[Math] How to find out whether a function is onto or not

functions

I understand that $f$ from $A$ to $B$ is called onto if for all $b$ in $B$ there is an $a$ in $A$ such that $f (a) = b$. All elements in $B$ are used.

Thus, the function $f (x) = 3x – 4$ is onto where $f:\mathbb{R}\rightarrow \mathbb{R}$. Here we can get all real values of $f(x)$ for real values of $x$. So, this function is an onto function.

For the function $f (x) = x^2 – 2$, $f:\mathbb{R}\rightarrow \mathbb{R}$, we can not get values of $f(x)$ smaller than -2. Here, even if we try with all real values of $x$, it is not possible to get all real values for $f(x)$. Hence, this function is not onto.

As you can see, the methods I am following in drawing a conclusion are
mostly empirical ones. Is there is fixed methodology I can follow when I am given an arbitrary function and I need to determine whether the given function is onto.


If I have failed to explain clearly, please think it this way, I am given a function and I need to put down an algorithm to find out whether this function is onto.


(These two [A, B] do not really answer my question.)

Best Answer

Since you asked for an "algorithm" that takes a function as input and tells you whether or not it is onto, let me answer this from a computability theory point-of-view.

As it is the case with problems with highly varied inputs, this problem turns out to be undecidable. That is, there is no algorithm that takes in (computable) functions and decides whether or not they are onto.
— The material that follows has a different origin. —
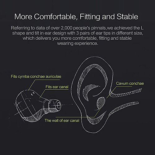 -. Feature : New Concept Truly Wireless Earbuds, fashionable and black sentience technology design. No cable mess, convenient to share the music with your families or friends. / Bluetooth V4.1 Version Incredible Stereo Sound Great Noise Cancellation, powerful signal with up to 33feet operation distance and hands free calling with voice prompt notification of incoming calls. Ergonomic Design Comfortable Secure Fit, flexible In ear earbuds ensure comfortable wearing without falling out, keep you pain free even after wearing the earphones for hours on end. / Smart Multipoint Support; connect with two devices at once to enable smart switching in seconds. / This means while you're listening to music on your tablet and you get a call on your phone, you can answer the call without having to pair a new device. / Wireless connection range up to 10 meters.

Proving this is not hard. The typical approach is via a reduction. That is, we show that if there were such an algorithm, we could use it to solve some other undecidable problem. There are many such problems we can choose for this. For this answer, we use the most famous one: the halting problem.

Assume that we do have an algorithm that tells us whether or not some arbitrary function is onto. Given a Turing Machine $M$ and an input $w$ to it, we define the following function $f:\mathbb{N}\rightarrow\{0,1\}$ such that:

$$f(i)=\begin{cases} 1 & \text{if }M \text{ halts with input } w \text{ in } i \text{ steps} \\ 0 & \text{otherwise} \\ \end{cases}$$

Note that $f$ is onto if and only if $M$ eventually halts given $w$ as input. Thus, if we had an algorithm for testing surjectivity, we could use it decide whether or not some Turing machine $M$ halts on input $w$.